## GOAL OF THE EXERCISE
Starting with the line that contains "Each tree is a unique", copy every line through the end of the listing, exactly and only those. No pictures should appear in the copy.

## MATERIAL FOR THE TASK
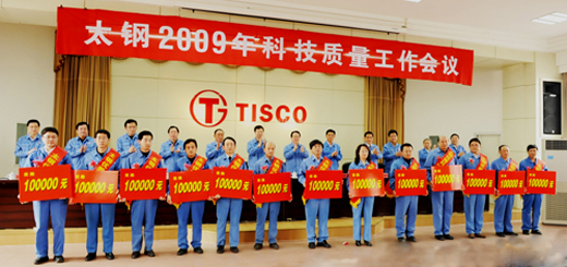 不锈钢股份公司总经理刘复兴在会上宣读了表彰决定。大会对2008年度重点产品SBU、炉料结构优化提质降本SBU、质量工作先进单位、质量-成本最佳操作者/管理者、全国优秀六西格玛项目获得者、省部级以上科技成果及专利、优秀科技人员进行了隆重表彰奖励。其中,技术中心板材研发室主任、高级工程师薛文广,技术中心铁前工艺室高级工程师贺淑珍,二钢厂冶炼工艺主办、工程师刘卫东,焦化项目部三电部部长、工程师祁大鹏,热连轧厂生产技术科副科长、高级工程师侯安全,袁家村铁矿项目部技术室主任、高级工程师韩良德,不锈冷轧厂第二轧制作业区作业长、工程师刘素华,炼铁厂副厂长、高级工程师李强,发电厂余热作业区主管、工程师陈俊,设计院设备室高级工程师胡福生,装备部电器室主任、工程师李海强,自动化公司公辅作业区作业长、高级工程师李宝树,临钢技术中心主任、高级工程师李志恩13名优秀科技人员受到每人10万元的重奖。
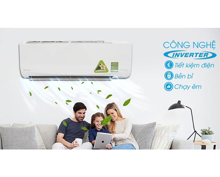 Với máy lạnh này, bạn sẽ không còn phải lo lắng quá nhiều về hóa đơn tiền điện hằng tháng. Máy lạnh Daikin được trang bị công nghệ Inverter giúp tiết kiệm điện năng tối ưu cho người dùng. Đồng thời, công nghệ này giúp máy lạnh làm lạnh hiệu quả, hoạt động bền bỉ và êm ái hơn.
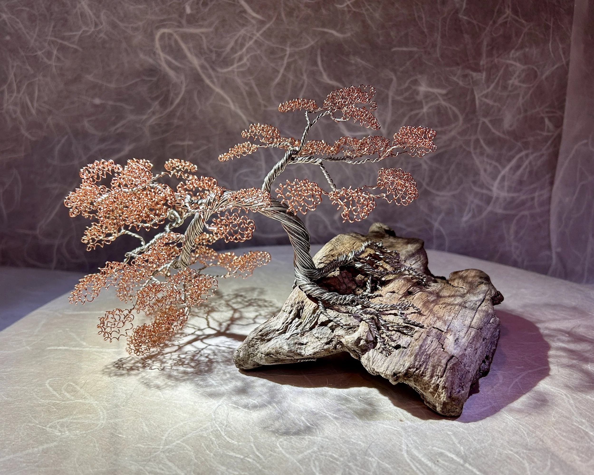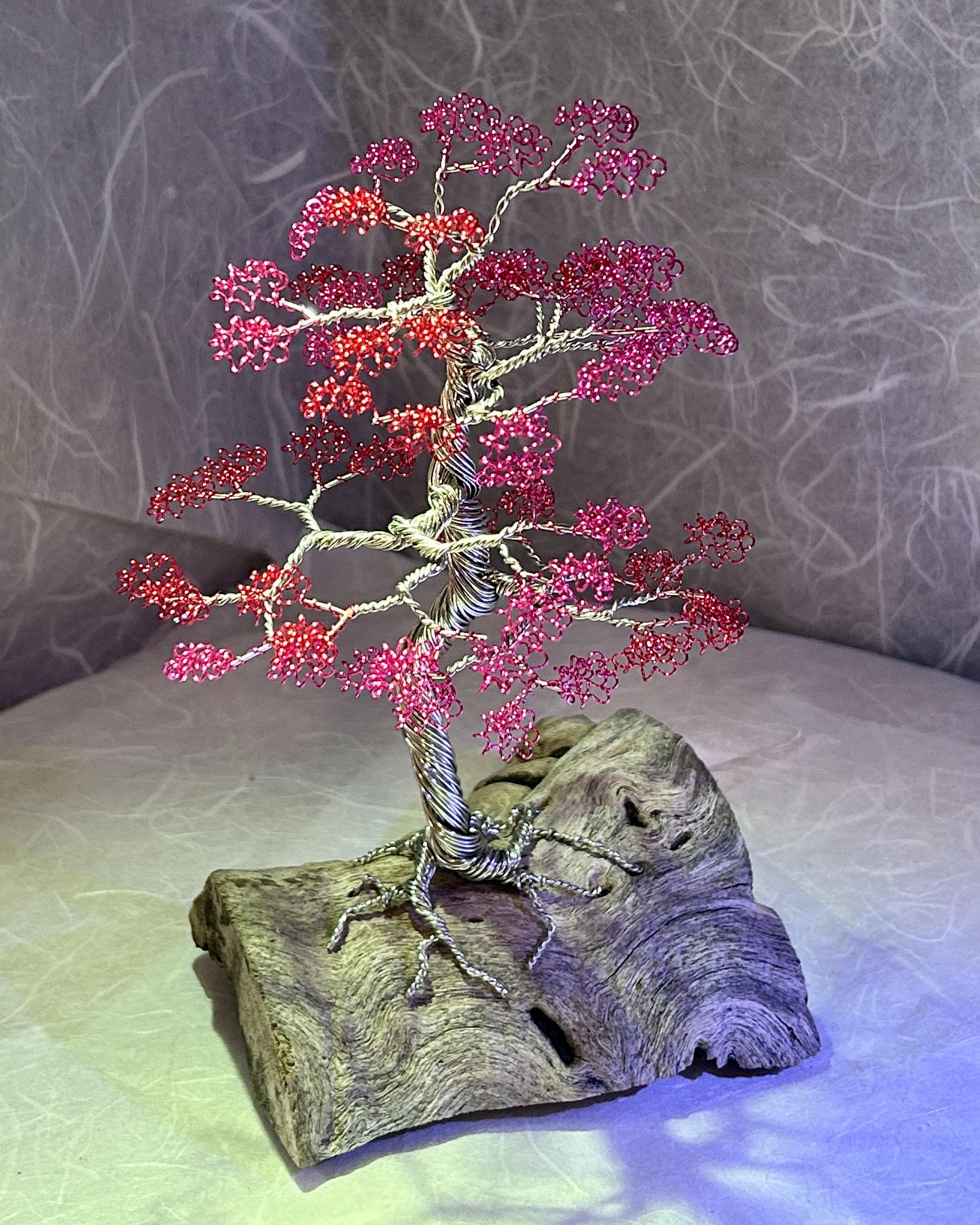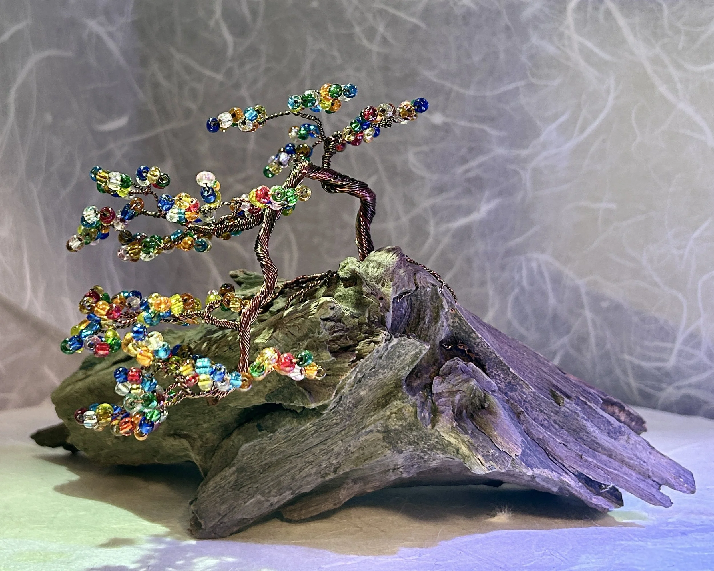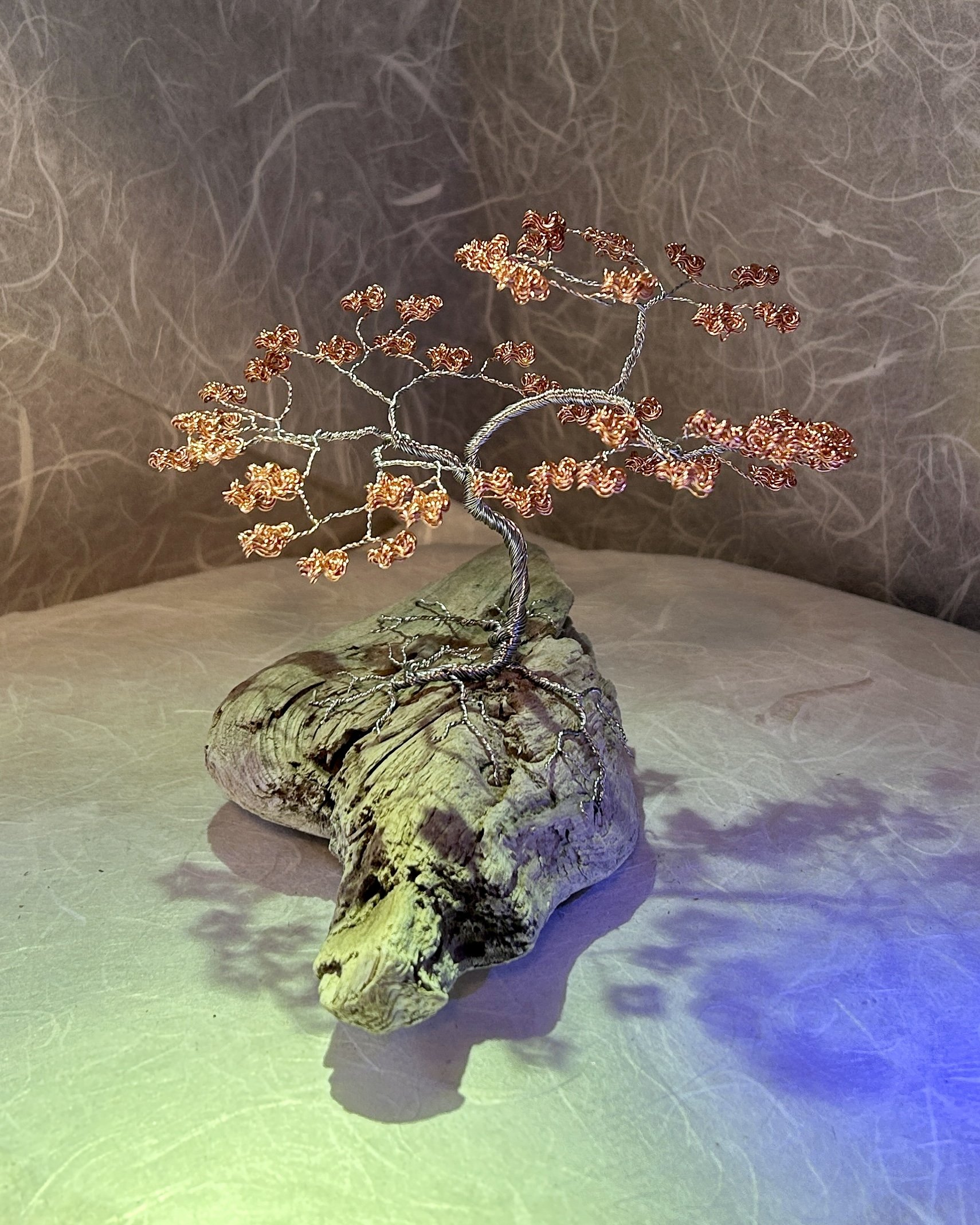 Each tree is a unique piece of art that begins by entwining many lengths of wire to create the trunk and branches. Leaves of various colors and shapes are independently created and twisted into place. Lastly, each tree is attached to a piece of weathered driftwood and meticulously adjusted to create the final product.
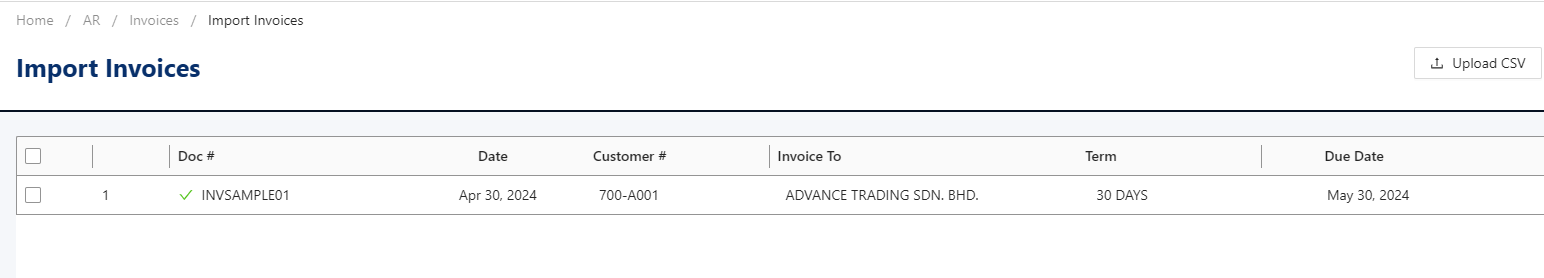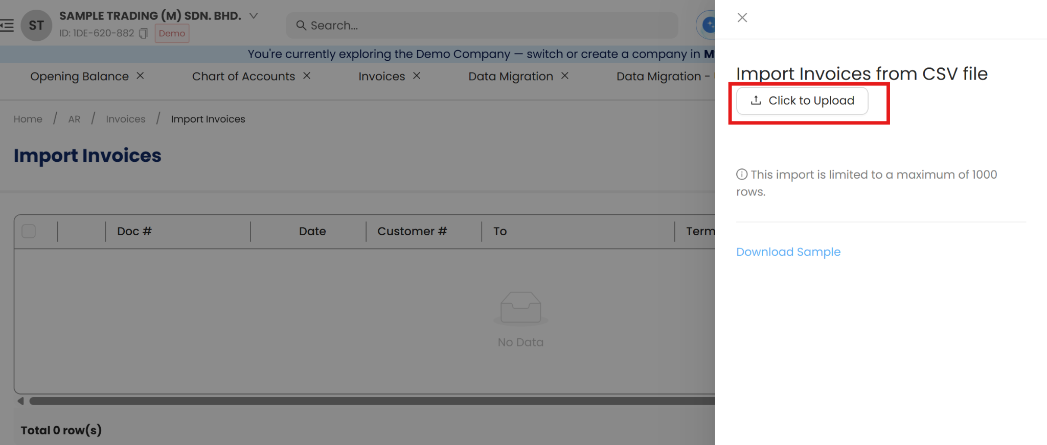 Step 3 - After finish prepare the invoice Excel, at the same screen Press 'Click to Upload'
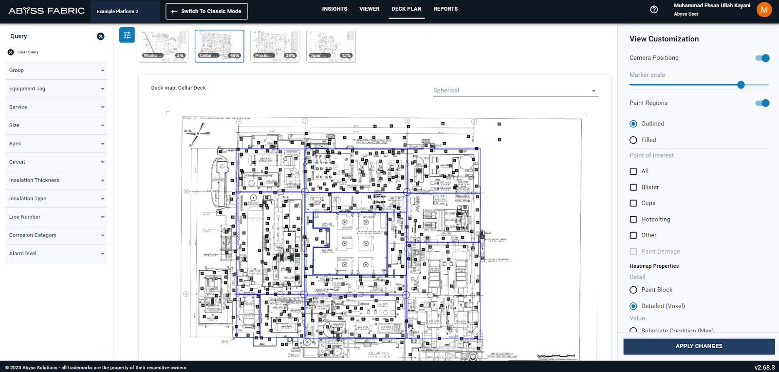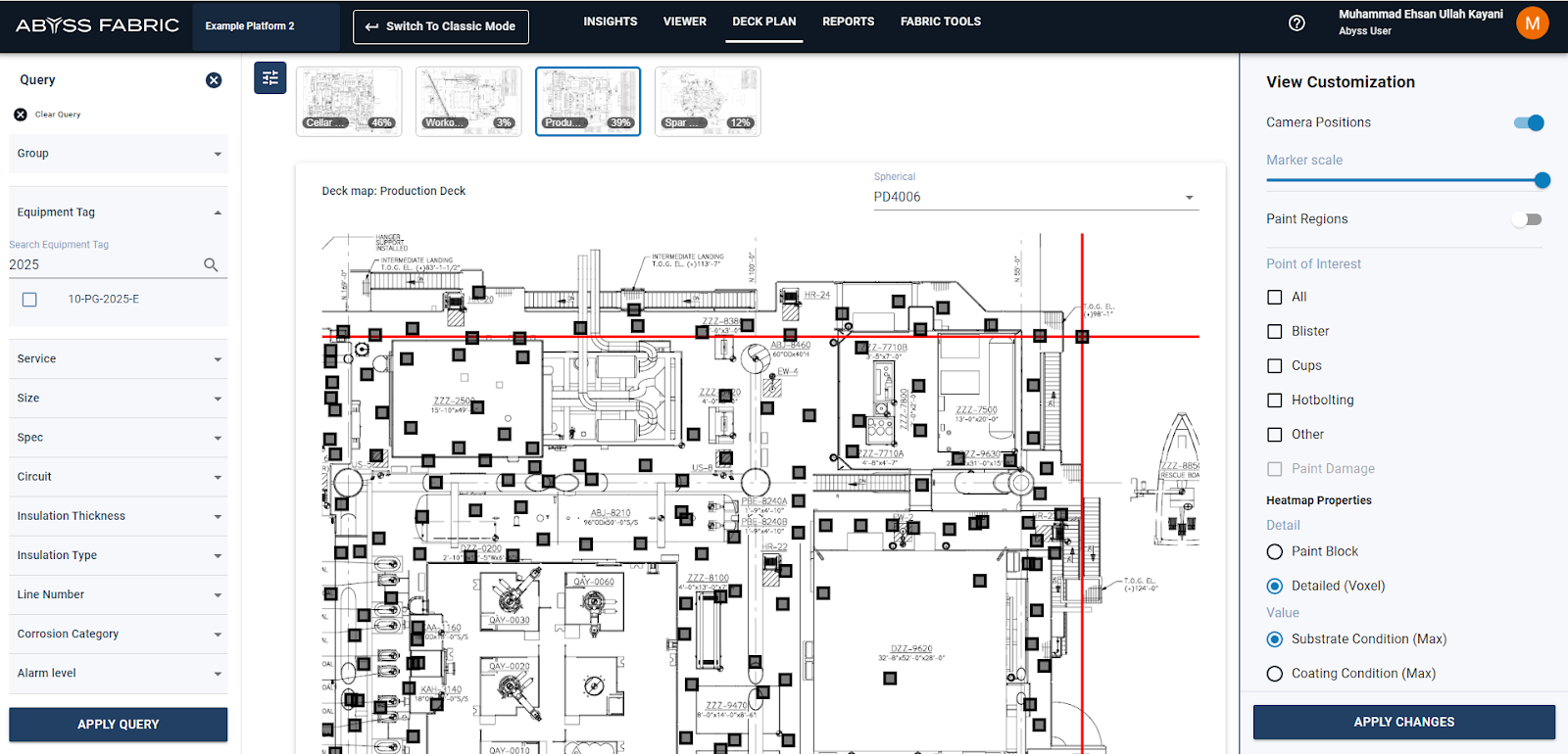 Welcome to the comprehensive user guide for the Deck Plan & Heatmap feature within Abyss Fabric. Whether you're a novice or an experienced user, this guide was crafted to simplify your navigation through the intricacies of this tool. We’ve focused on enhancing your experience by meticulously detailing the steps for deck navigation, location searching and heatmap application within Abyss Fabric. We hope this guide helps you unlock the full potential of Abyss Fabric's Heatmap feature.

## ANSWER BOX
 Each tree is a unique piece of art that begins by entwining many lengths of wire to create the trunk and branches. Leaves of various colors and shapes are independently created and twisted into place. Lastly, each tree is attached to a piece of weathered driftwood and meticulously adjusted to create the final product.
 Step 3 - After finish prepare the invoice Excel, at the same screen Press 'Click to Upload'
 Welcome to the comprehensive user guide for the Deck Plan & Heatmap feature within Abyss Fabric. Whether you're a novice or an experienced user, this guide was crafted to simplify your navigation through the intricacies of this tool. We’ve focused on enhancing your experience by meticulously detailing the steps for deck navigation, location searching and heatmap application within Abyss Fabric. We hope this guide helps you unlock the full potential of Abyss Fabric's Heatmap feature.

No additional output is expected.